START MATERIAL FOR THIS EXERCISE

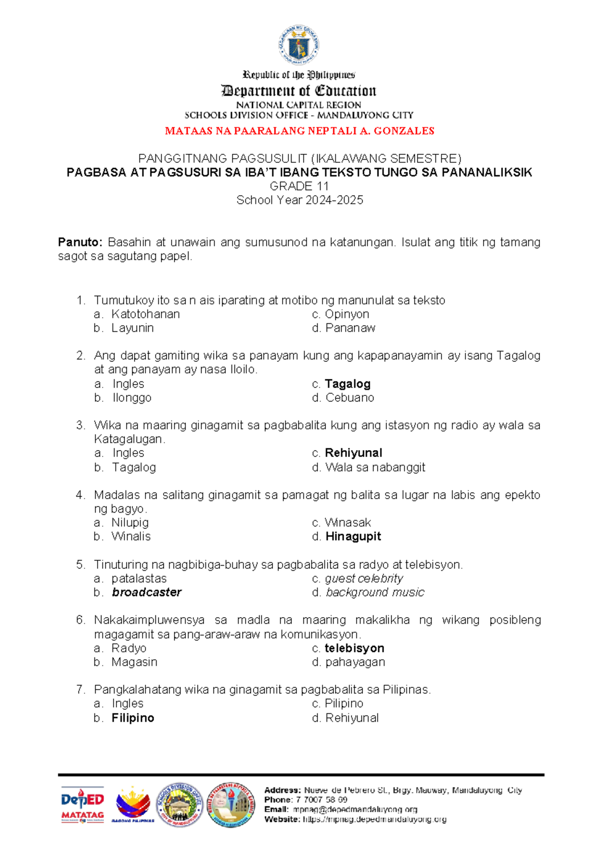 Pagbas- Panggitnang- Pagsusulit - MATAAS NA PAARALANG NEPTALI A ...
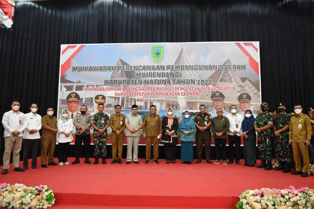 Musrenbang tahun 2022 di Kabupaten Paling Utara Kepri ini mengangkat tema “Peningkatan Daya Saing Daerah Melalui Penguatan Infrastruktur dan Percepatan Peningkatan Ekonomi”. Total anggaran program/kegiatan provinsi di Kabupaten Natuna tahun anggaran 2022 yang dipaparkan adalah sebesar 60,2 miliar.
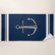 This towel design has a silver coloured anchor with coordinating accent stripes at the top and bottom. Shown here with a navy background, that you can customise.
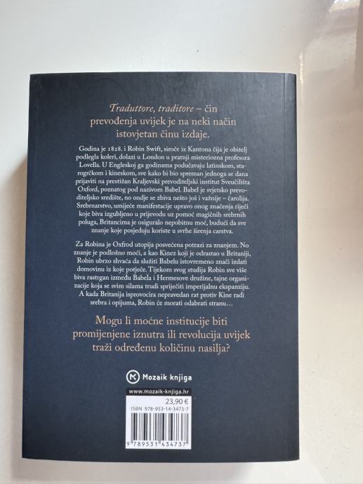 "Babel" je međunarodni bestseler i dobitnik brojnih književnih nagrada. Ova povijesna fantasy priča smještena je u 19. stoljeće i istražuje moć jezika, kolonijalizam i društvene promjene kroz napetu radnju i nezaboravne likove. Knjiga je oduševila čitatelje diljem svijeta i smatra se jednim od najvažnijih romana suvremene književnosti.
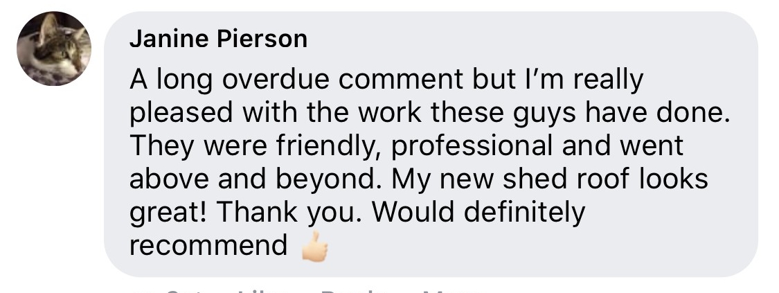 Beta Roofs undertake jobs big and small, with the same aim. To ensure the customer is left happy and receives a great service. Just like Janine, when we completed her new shed roof!
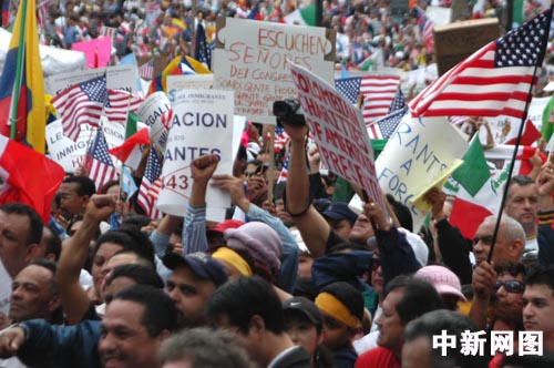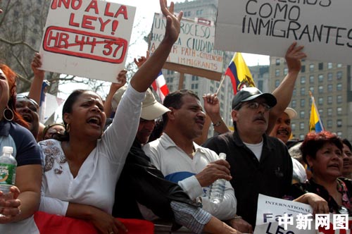 四月一日,纽约各族裔移民团体汇聚在一起,举行声势浩大的示威游行,抗议美国众议院不久前通过的一项打击非法移民的新法案。 作者 谭宏伟
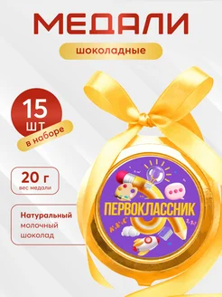 Шоколадные медали на ленте Первоклассник 20 г, 15 шт
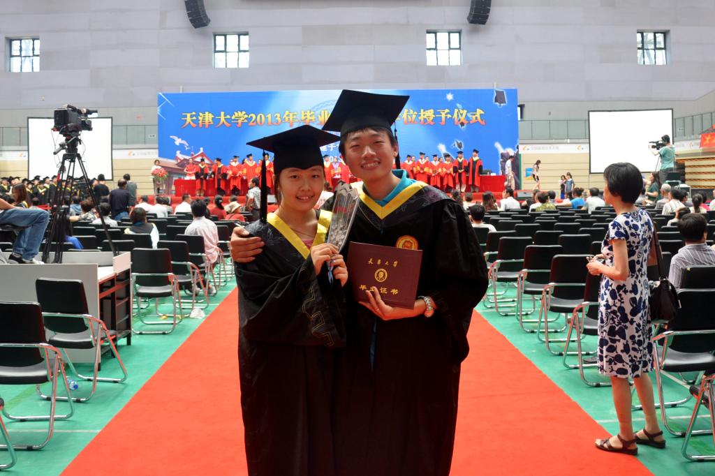 2013年7月,柴澍靖妻子在天大毕业时与柴澍靖的合影。天津大学供图
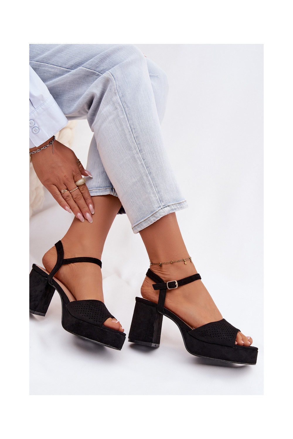 Moteriškos aukštakulnės basutėssuiš eko zomšosu juodos spalvos Iserelle
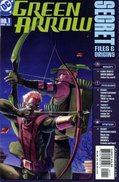 WRITTEN BY JUDD WINICK, DAN CURTIS JOHNSON AND SCOTT MCCULLAR; ART BY DIEGO BARRETO, KELLY YATES, PHIL HESTER, ANDE PARKS, ROBIN RIGGS, MICK GRAY, AND VARIOUS; PAINTED COVER BY MATT WAGNER In stores October 23. The secrets of the Emerald Archer are revealed in a bullseye-piercing double-sized one-shot! In the lead story, discover the history of Oliver Queen - both before and after his death (written by Judd Winick with art by Diego Barreto & Robin Riggs). Plus, Ollie discovers that the government is keeping tabs on super-heroes in the form of the D.E.O. (written by Dan Curtis Johnson & J.H. Williams III, with art by Kelly Yates & Mick Gray). Rounding out this Special are a look at Ollie's astounding arsenal, and profile pages showcasing Green Arrow, his allies, and his enemies illustrated by the fan-favorite team of Phil Hester & Ande Parks; and more! FC, 64 PG. $4.95 Cover price $4.95.
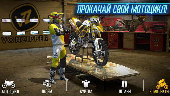 Создай своего собственного гонщика и столкнись лицом к лицу с мировыми профи! Срази всех наповал одеждой от Metal Mulisha, Monster Energy, GoPro и других спонсоров!
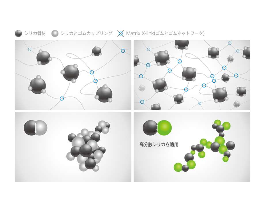 高分散シリカコンパウンド配合技術により、高い水準のウェット性能を保有しながらゴムの発熱を抑え、当社従来品に比べ転がり抵抗を18%低減させました。 タイヤを構成する重量バランスを最適化し、エネルギー損失を削減させました。
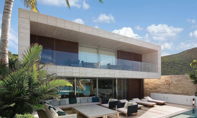 The materials, such as travertine and marble, are sumptuous, the technology is state of the art, and much of the artwork was made by renowned St. Barth artist Kay Quattrocchi.

END MATERIAL FOR THIS EXERCISE

ACTIVITY: Taking the entries above, extract every line from the one bearing "romana suvremene književnosti." through the one bearing "Moteriškos aukštakulnės basutėssuiš", exactly, with no pictures.

SOLUTION:
 "Babel" je međunarodni bestseler i dobitnik brojnih književnih nagrada. Ova povijesna fantasy priča smještena je u 19. stoljeće i istražuje moć jezika, kolonijalizam i društvene promjene kroz napetu radnju i nezaboravne likove. Knjiga je oduševila čitatelje diljem svijeta i smatra se jednim od najvažnijih romana suvremene književnosti.
 Beta Roofs undertake jobs big and small, with the same aim. To ensure the customer is left happy and receives a great service. Just like Janine, when we completed her new shed roof!
 四月一日,纽约各族裔移民团体汇聚在一起,举行声势浩大的示威游行,抗议美国众议院不久前通过的一项打击非法移民的新法案。 作者 谭宏伟
 Шоколадные медали на ленте Первоклассник 20 г, 15 шт
 2013年7月,柴澍靖妻子在天大毕业时与柴澍靖的合影。天津大学供图
 Moteriškos aukštakulnės basutėssuiš eko zomšosu juodos spalvos Iserelle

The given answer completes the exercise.